=== Problem description ===
Below is a listing with pictures. Repeat exactly the lines starting at the one holding "Being able to" and going on through the one holding "iPhone 16e 專用", and leave every picture out.

=== Input material ===
□ □ □ □ □ □ □

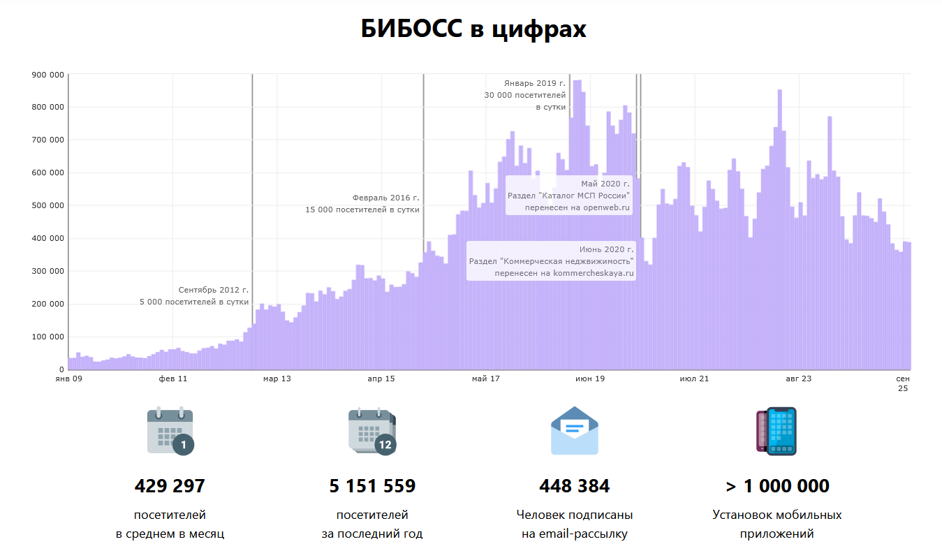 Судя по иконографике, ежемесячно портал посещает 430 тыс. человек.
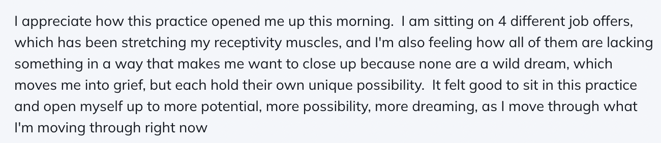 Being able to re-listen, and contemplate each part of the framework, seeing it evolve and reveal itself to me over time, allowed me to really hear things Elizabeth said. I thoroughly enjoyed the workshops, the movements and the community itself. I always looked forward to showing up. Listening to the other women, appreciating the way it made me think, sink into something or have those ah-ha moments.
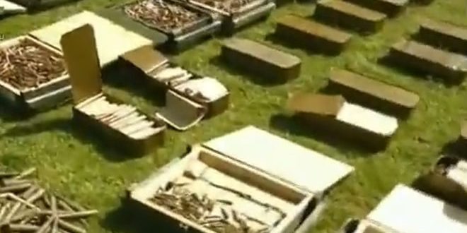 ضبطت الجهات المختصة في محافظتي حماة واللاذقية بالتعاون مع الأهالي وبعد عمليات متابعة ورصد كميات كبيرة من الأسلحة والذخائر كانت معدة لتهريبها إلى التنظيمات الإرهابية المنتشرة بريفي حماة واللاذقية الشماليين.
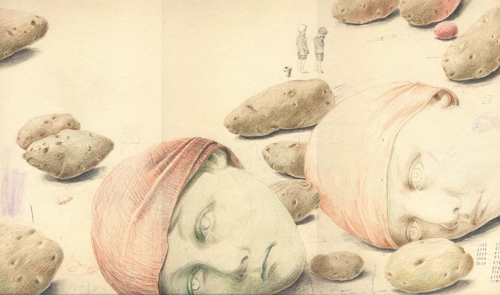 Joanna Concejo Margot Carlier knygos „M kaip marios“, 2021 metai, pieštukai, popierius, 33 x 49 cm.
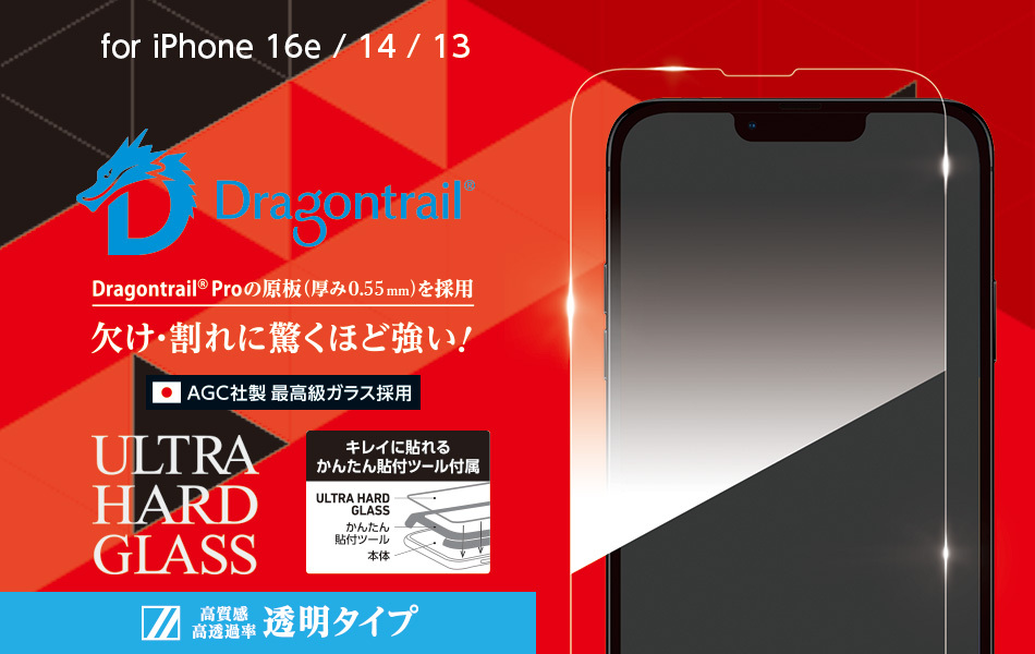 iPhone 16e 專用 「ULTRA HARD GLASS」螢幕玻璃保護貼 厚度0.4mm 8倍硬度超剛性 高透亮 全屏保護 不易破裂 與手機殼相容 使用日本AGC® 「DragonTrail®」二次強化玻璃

□ □ □ □ □ □ □

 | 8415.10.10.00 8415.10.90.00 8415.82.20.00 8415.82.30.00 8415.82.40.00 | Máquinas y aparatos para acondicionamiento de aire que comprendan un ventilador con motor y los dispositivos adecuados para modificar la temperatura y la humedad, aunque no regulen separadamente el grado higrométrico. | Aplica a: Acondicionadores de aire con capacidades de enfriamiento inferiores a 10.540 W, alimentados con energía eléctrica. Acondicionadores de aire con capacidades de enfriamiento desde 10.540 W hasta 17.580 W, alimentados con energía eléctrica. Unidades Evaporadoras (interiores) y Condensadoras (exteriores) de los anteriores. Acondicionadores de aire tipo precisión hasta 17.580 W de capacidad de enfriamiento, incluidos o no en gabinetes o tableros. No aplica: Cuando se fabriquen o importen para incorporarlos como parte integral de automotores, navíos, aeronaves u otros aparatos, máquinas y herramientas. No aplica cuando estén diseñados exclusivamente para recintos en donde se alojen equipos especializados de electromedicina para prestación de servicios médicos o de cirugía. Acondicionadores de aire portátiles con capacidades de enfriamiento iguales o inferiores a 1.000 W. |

□ □ □ □ □ □ □

=== Exercise output ===
 Being able to re-listen, and contemplate each part of the framework, seeing it evolve and reveal itself to me over time, allowed me to really hear things Elizabeth said. I thoroughly enjoyed the workshops, the movements and the community itself. I always looked forward to showing up. Listening to the other women, appreciating the way it made me think, sink into something or have those ah-ha moments.
 ضبطت الجهات المختصة في محافظتي حماة واللاذقية بالتعاون مع الأهالي وبعد عمليات متابعة ورصد كميات كبيرة من الأسلحة والذخائر كانت معدة لتهريبها إلى التنظيمات الإرهابية المنتشرة بريفي حماة واللاذقية الشماليين.
 Joanna Concejo Margot Carlier knygos „M kaip marios“, 2021 metai, pieštukai, popierius, 33 x 49 cm.
 iPhone 16e 專用 「ULTRA HARD GLASS」螢幕玻璃保護貼 厚度0.4mm 8倍硬度超剛性 高透亮 全屏保護 不易破裂 與手機殼相容 使用日本AGC® 「DragonTrail®」二次強化玻璃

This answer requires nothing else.